Facebook keeps you alive  - refaelos
http://www.refaelos.com/post/14760568754/facebook-keeps-you-alive
New post i wrote about how people need to feel alive!
======
richardburton
_"When you upload a photo to Facebook from your last trip to NYC, you get
excited ... you know that people will see your photo and acknowledge your
existence you feel alive."_

This is absolutely crazy! That feeling of excitement is often nervous
insecurity bubbling up. I used to be desperate for digital validation on
Facebook and it made me miserable. Since leaving Facebook and focussing on
email, Skype, Twitter and HN I feel a lot more relaxed. I enjoy those forms of
social networking. Every now and then I still catch myself thinking: 'I wonder
how this will look on Facebook'. But not often. Facebook invaded my mind and
made me feel naked in front of a thousand strangers. On Twitter I know I am
public. I shape my tweets accordingly. I do not seek validation. I seek
connection and a desire to share interesting things with those who take the
time to follow me. On Skype I connect deeply and privately with real people in
sync. On Facebook the privacy slider was always moving and I was communicating
with the people I love in an asynchronous, abstract way. On HN I enjoy the
concept of karma but I am far more interested in connecting with people I have
never met. I love reading the comments and reactions. I love creating content.

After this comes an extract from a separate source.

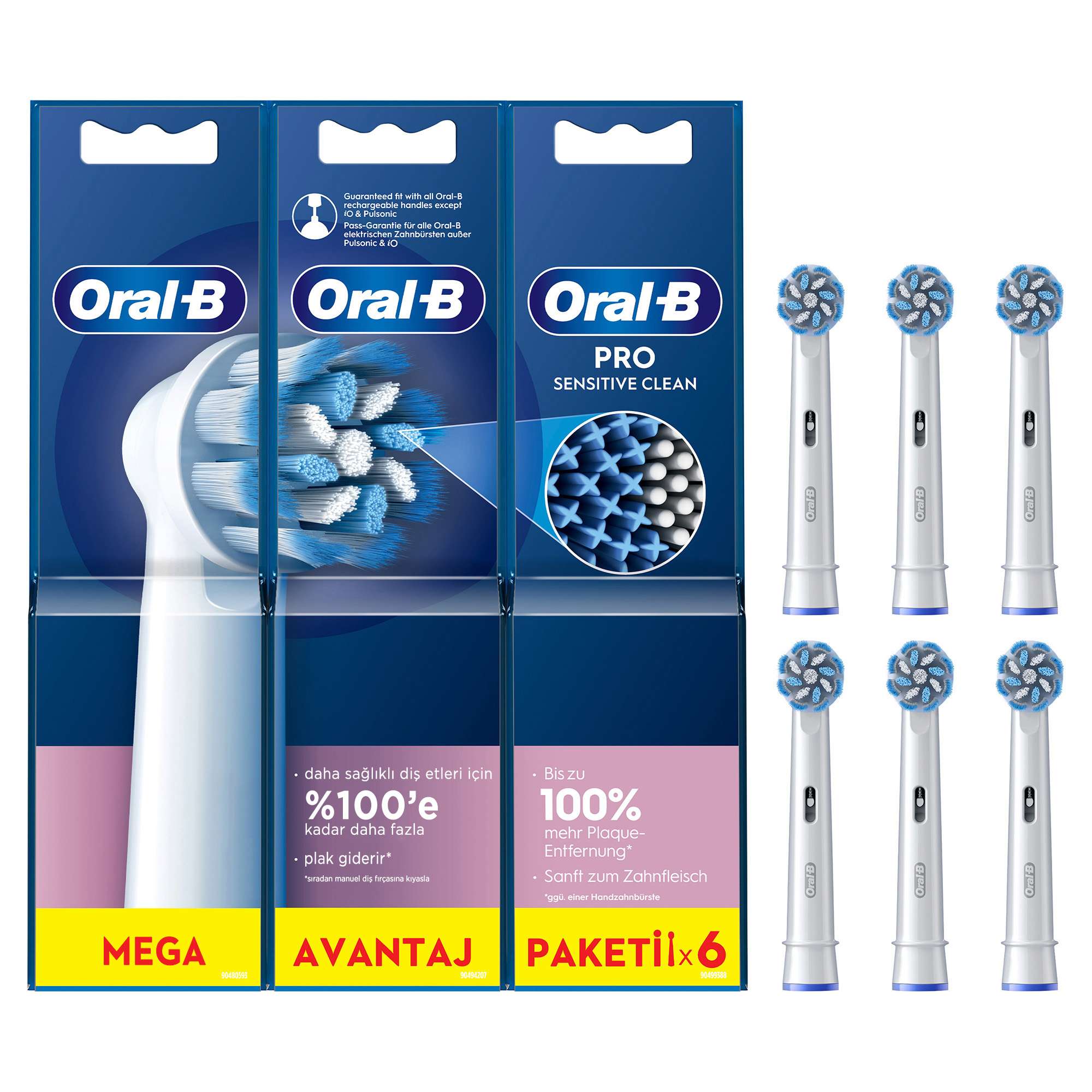 Oral-B’nin premium yedek diş fırçası başlıklarından biri olarak, diş etlerine hassas ultra ince fırça kıllarının yanı sıra, plak gideren normal fırça kıllarına sahiptir. Sensitive Clean, manuel diş fırçasına göre %100’e kadar daha fazla plak giderir ve diş eti tahrişini azaltmaya yardımcı olur. Uçları yuvarlatılmış ve ultra ince kılların benzersiz bileşimi sayesinde Sensitive Clean hassas dişleri olanlar ve sadece harika nazik temizlik sonucu arayanlar için idealdir. Pulsonic ve iO hariç tüm Oral-B gövdeleri ile uyumludur. Hassas temizlik ve daha sağlıklı diş etleri için Oral-B’nin en iyisi (Pulsonic ve iO hariç). Diş Hekimleri Fırça Başlığınızı 3 Ayda 1 Değiştirmenizi Öneriyor. Dünya çapında diş hekimlerinin önerdiği 1 numaralı markadan. Bu pakette yer alan diş fırçası başlıklarının sayısı: 6

I could not agree more with this statement though:

 _"We see people come and go from our world. Some of them leave their mark and
some of them just enjoy the ride."_

I have started hanging out more on HN because it is filled with people who
want to leave their mark. They want to change things. Facebook encourages us
to consume, not create. That is fine if you want to enjoy the ride. I felt
passive and insecure on Facebook. I feel energised and excited connecting with
people on Twitter, chatting with people on Skype and writing this comment on
HN. This is my social network. This makes me feel alive.

------
wyclif
Started out promising, with a good observation about human motivation. Ended
badly though, with one-sided and biased commentary about Google+ streams being
"dull as dishwater."

Well, now. That's entirely dependent upon the stream of the user in question,
isn't it? Someone like _moi_ who has been circled by over 5k other users on
Google+, but has 650+ friends on Facebook, clearly doesn't fit that
stereotype. In fact, Google+ is far more "active" for me, in terms of
interactions and posting, than my Facebook wall is.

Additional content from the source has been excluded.